* **Requirement**
Using the records that follow, reproduce exactly the lines starting at the line containing "सीवान: आल इंडिया" and ending at the line containing "Rott 7 km da". Include both end lines and no pictures.

* **The data**
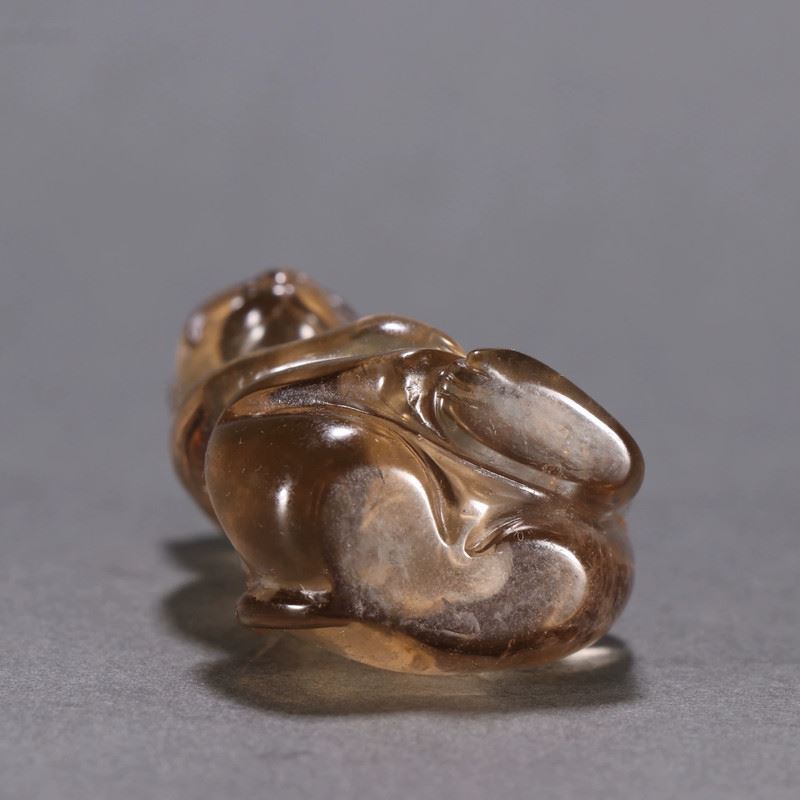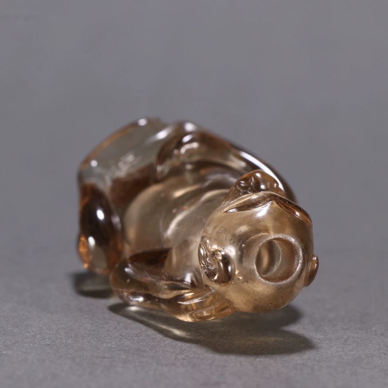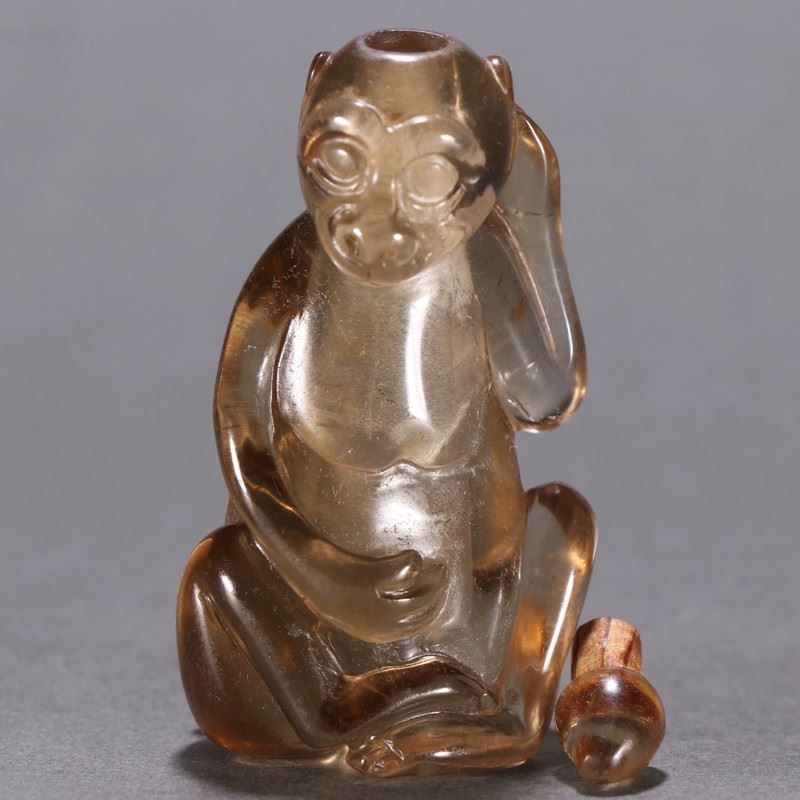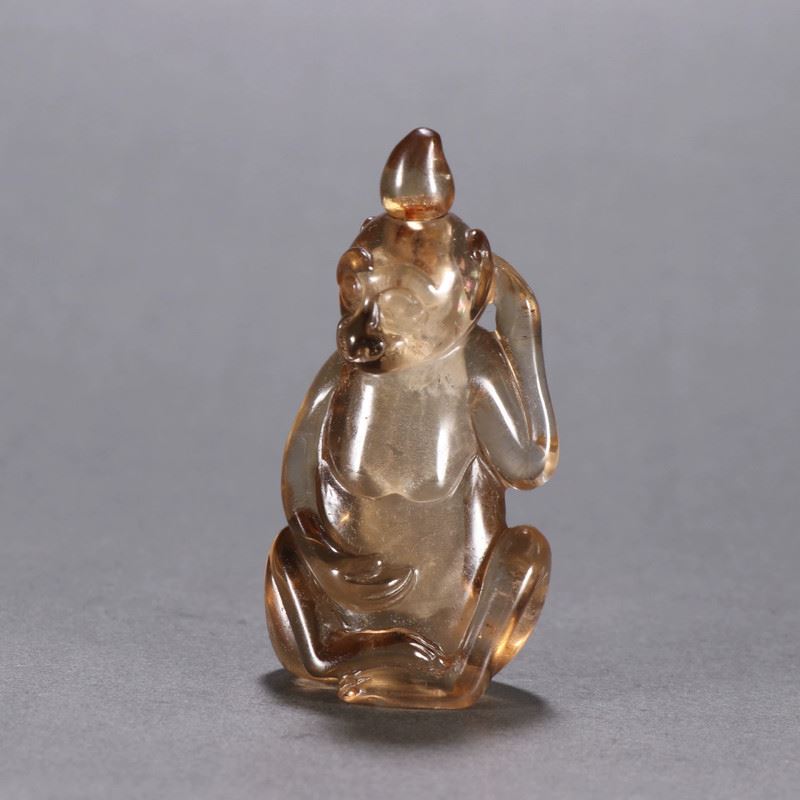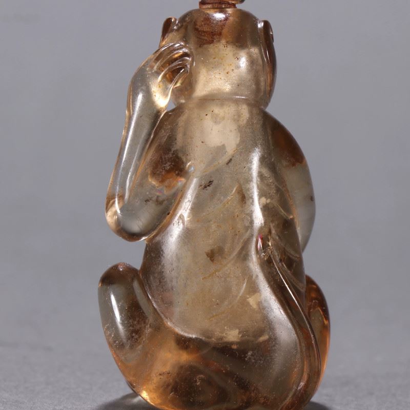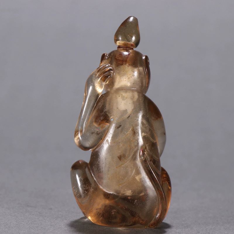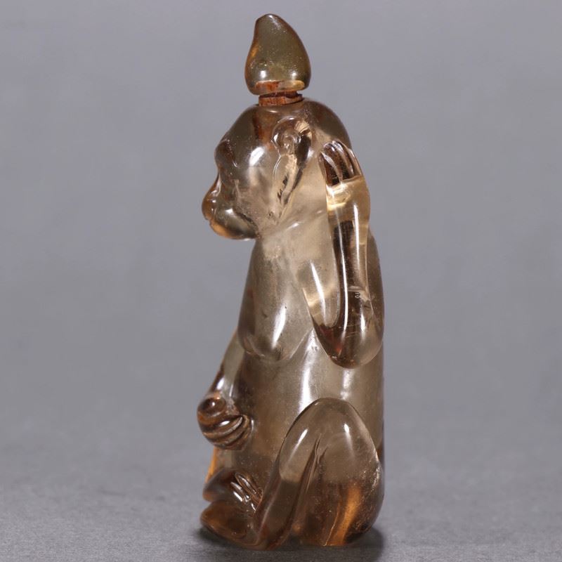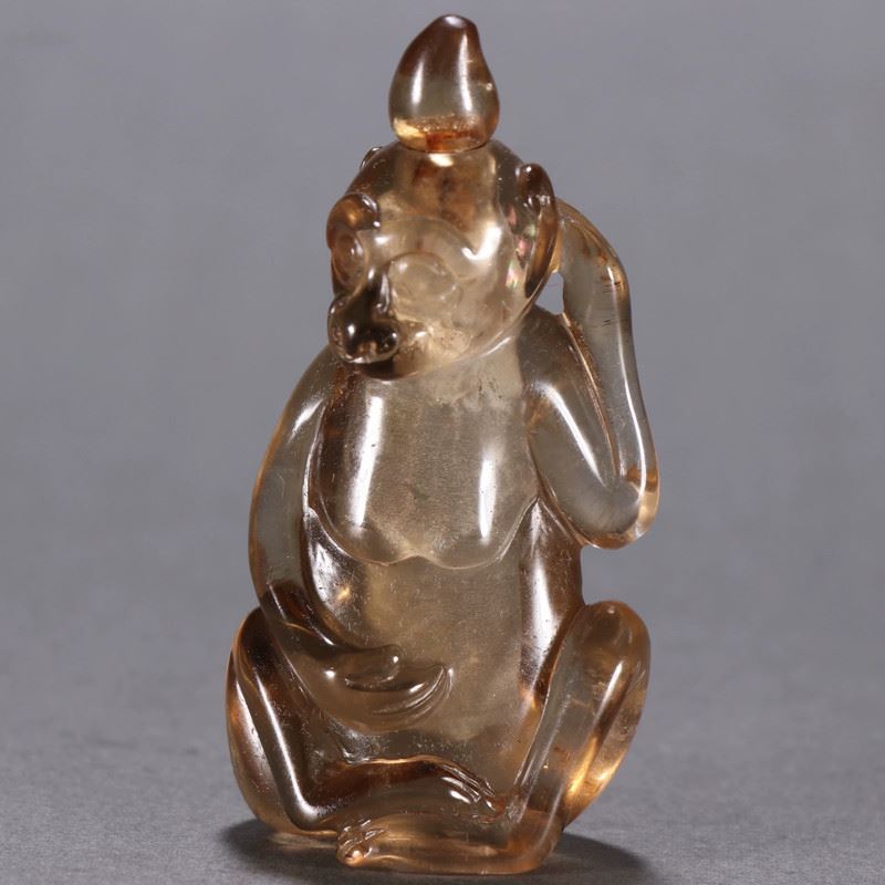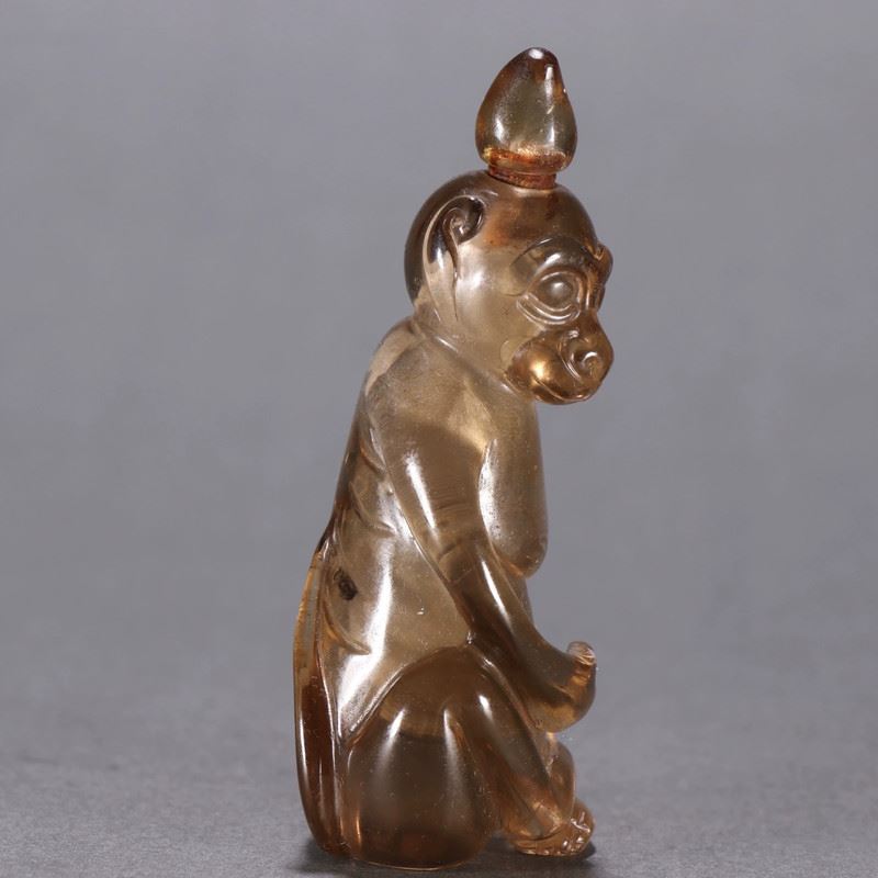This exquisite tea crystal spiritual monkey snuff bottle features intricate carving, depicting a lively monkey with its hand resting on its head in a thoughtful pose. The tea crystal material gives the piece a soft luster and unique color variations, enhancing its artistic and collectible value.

* * *

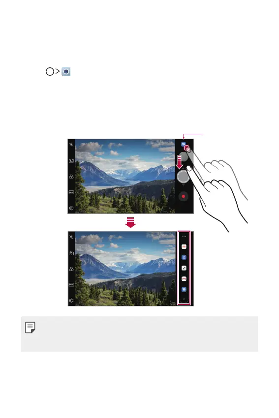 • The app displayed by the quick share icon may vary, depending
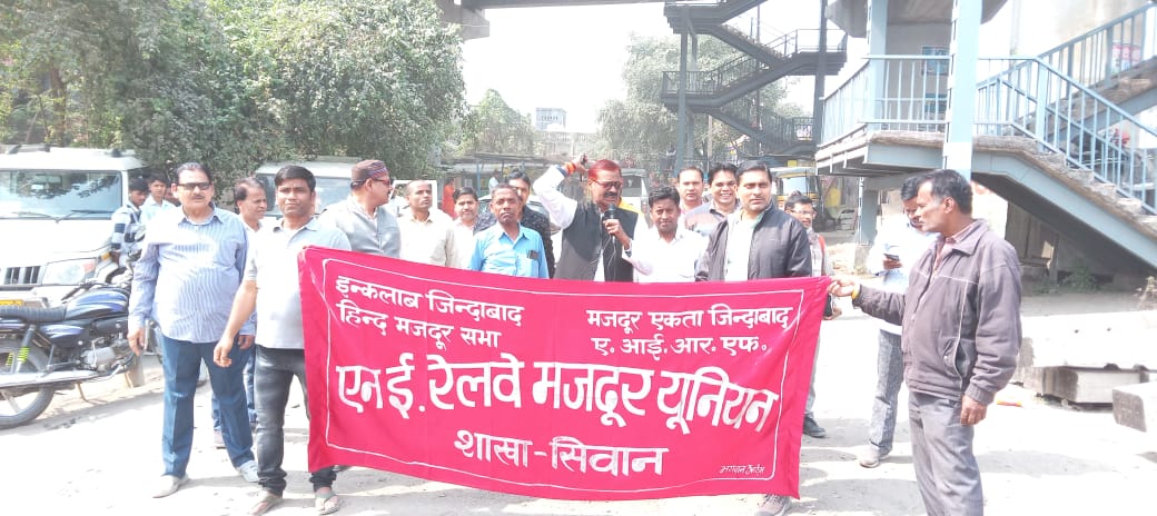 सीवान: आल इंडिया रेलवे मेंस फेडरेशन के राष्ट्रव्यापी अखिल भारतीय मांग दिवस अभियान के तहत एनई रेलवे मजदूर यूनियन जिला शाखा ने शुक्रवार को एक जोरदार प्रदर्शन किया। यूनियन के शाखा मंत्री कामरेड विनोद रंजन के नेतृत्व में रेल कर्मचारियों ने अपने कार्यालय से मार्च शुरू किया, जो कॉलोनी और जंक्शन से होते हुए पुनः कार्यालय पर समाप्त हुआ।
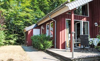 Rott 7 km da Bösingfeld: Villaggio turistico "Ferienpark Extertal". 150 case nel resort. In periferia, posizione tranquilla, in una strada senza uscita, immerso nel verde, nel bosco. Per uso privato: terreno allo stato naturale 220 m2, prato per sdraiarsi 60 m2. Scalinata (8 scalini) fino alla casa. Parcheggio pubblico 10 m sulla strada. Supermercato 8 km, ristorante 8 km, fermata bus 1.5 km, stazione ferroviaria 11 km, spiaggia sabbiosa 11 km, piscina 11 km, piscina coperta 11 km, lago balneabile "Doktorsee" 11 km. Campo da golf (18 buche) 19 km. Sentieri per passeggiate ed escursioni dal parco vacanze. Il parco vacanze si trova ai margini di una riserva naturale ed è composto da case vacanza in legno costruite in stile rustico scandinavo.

* **Your solution**
 सीवान: आल इंडिया रेलवे मेंस फेडरेशन के राष्ट्रव्यापी अखिल भारतीय मांग दिवस अभियान के तहत एनई रेलवे मजदूर यूनियन जिला शाखा ने शुक्रवार को एक जोरदार प्रदर्शन किया। यूनियन के शाखा मंत्री कामरेड विनोद रंजन के नेतृत्व में रेल कर्मचारियों ने अपने कार्यालय से मार्च शुरू किया, जो कॉलोनी और जंक्शन से होते हुए पुनः कार्यालय पर समाप्त हुआ।
 Rott 7 km da Bösingfeld: Villaggio turistico "Ferienpark Extertal". 150 case nel resort. In periferia, posizione tranquilla, in una strada senza uscita, immerso nel verde, nel bosco. Per uso privato: terreno allo stato naturale 220 m2, prato per sdraiarsi 60 m2. Scalinata (8 scalini) fino alla casa. Parcheggio pubblico 10 m sulla strada. Supermercato 8 km, ristorante 8 km, fermata bus 1.5 km, stazione ferroviaria 11 km, spiaggia sabbiosa 11 km, piscina 11 km, piscina coperta 11 km, lago balneabile "Doktorsee" 11 km. Campo da golf (18 buche) 19 km. Sentieri per passeggiate ed escursioni dal parco vacanze. Il parco vacanze si trova ai margini di una riserva naturale ed è composto da case vacanza in legno costruite in stile rustico scandinavo.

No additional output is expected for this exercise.